◆ YOUR GOAL ◆
Starting at the line that contains "如图,一把矩形直尺沿直线断开" in the listing below, write out every line word for word until you have written the line that contains "また私立中、国立中、都立中の".

◆ DATASET RECORDS ◆

_ _ _ _ _ _ _

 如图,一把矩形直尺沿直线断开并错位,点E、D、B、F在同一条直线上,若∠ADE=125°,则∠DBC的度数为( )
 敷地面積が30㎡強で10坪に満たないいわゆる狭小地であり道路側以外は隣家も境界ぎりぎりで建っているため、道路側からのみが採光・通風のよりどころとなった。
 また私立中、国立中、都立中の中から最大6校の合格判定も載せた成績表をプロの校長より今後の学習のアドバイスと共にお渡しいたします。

_ _ _ _ _ _ _

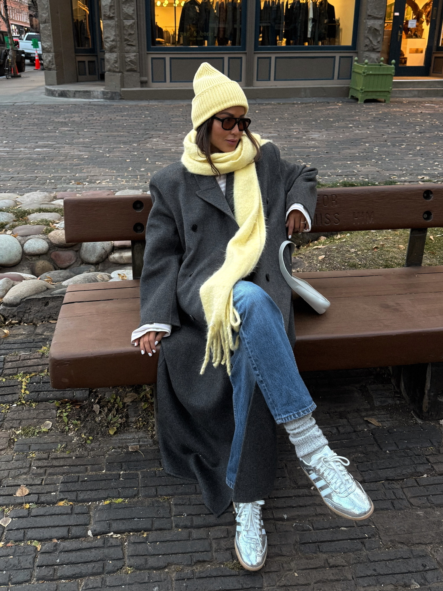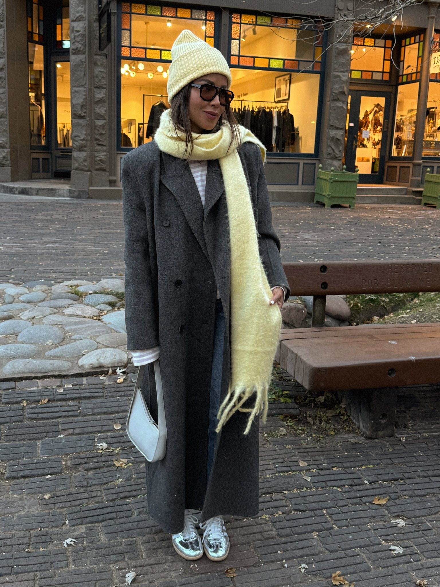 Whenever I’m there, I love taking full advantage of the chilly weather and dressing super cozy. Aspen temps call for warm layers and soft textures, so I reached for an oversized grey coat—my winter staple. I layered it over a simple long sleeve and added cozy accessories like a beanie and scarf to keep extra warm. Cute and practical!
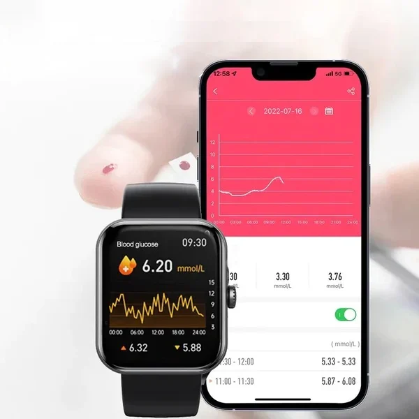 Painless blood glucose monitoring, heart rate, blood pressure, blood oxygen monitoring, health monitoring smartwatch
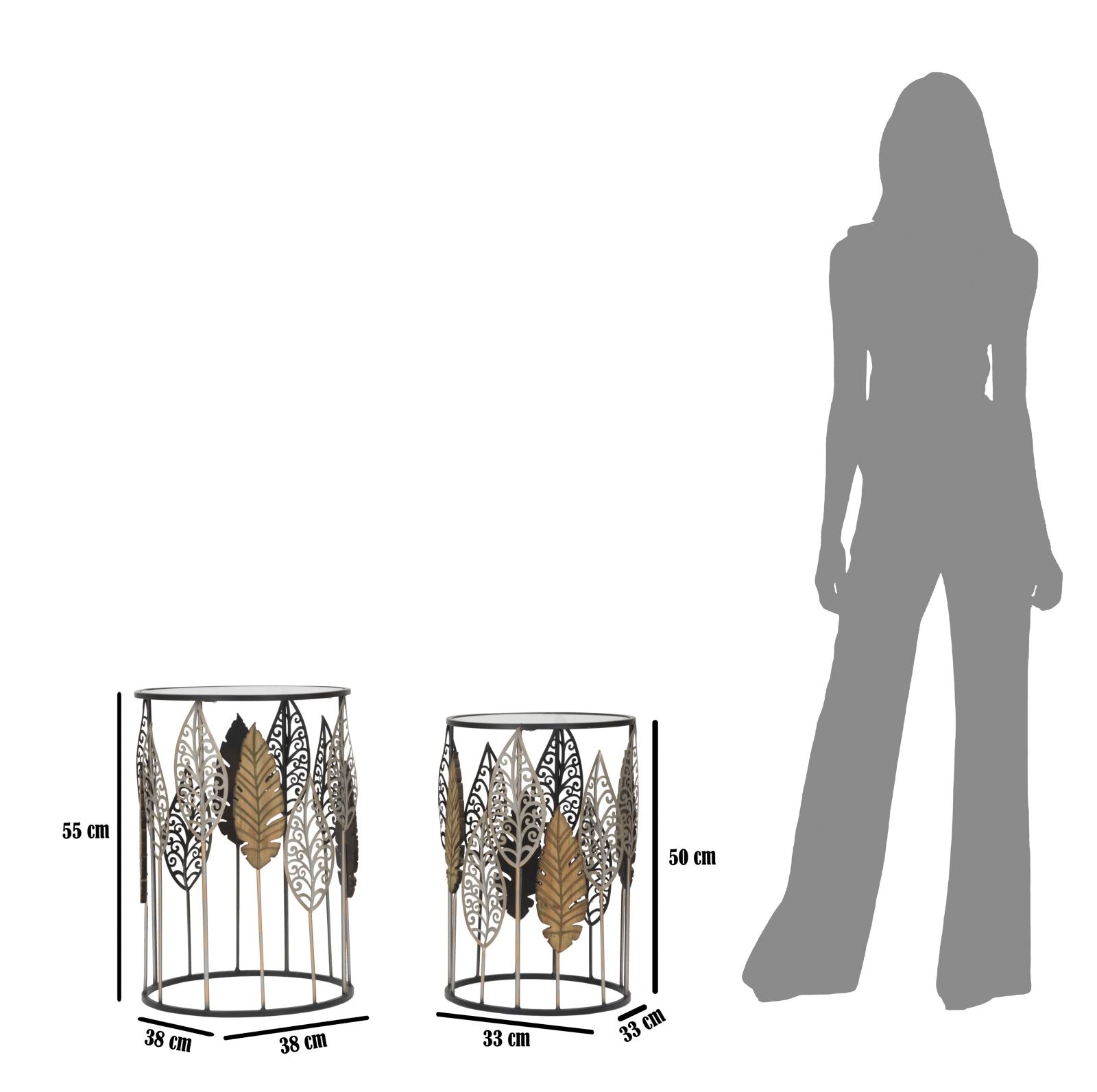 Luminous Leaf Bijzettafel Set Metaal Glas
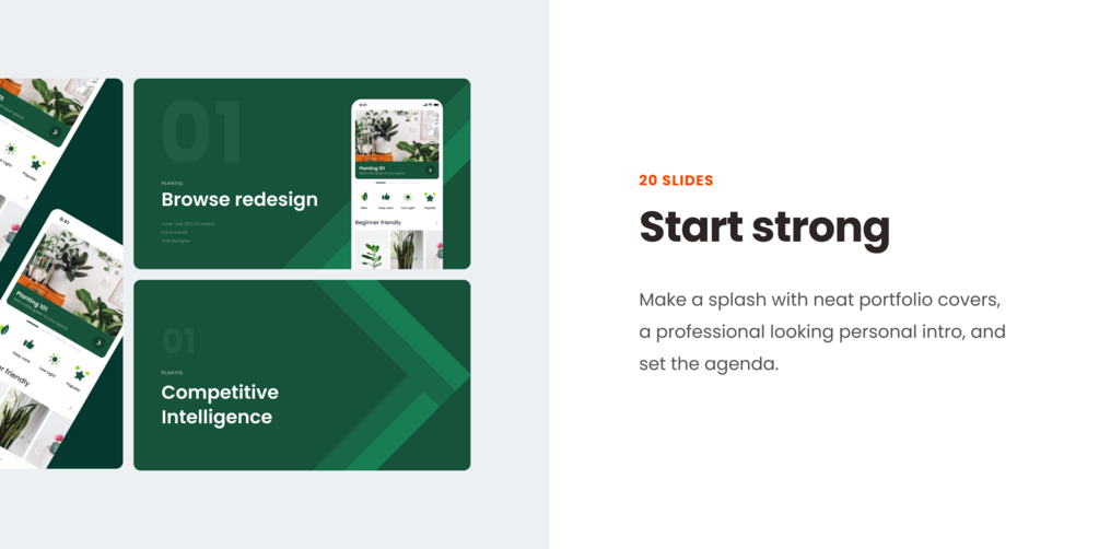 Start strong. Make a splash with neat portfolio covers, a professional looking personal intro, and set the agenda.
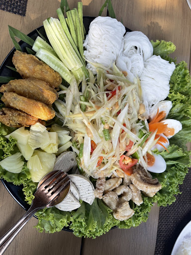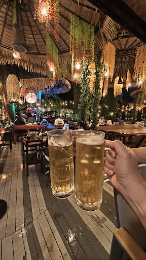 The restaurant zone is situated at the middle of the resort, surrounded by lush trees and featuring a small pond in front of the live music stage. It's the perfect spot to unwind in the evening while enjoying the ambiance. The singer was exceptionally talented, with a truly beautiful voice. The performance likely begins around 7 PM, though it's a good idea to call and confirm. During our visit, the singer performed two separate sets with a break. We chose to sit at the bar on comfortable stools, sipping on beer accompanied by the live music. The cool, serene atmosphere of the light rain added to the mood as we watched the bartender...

_ _ _ _ _ _ _

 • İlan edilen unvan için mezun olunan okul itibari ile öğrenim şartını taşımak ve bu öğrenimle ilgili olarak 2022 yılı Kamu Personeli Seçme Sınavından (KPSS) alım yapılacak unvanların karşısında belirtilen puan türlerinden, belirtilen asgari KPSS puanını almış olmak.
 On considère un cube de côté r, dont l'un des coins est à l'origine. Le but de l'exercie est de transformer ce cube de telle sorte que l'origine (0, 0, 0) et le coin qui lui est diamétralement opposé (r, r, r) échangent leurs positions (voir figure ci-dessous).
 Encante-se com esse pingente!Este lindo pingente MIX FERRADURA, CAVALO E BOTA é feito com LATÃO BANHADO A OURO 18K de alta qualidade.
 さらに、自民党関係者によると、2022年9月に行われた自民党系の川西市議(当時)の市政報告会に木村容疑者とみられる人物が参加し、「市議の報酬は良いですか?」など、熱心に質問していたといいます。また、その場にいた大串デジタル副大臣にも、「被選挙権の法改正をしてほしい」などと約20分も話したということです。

_ _ _ _ _ _ _

◆ EXPECTED ANSWER ◆
 如图,一把矩形直尺沿直线断开并错位,点E、D、B、F在同一条直线上,若∠ADE=125°,则∠DBC的度数为( )
 敷地面積が30㎡強で10坪に満たないいわゆる狭小地であり道路側以外は隣家も境界ぎりぎりで建っているため、道路側からのみが採光・通風のよりどころとなった。
 また私立中、国立中、都立中の中から最大6校の合格判定も載せた成績表をプロの校長より今後の学習のアドバイスと共にお渡しいたします。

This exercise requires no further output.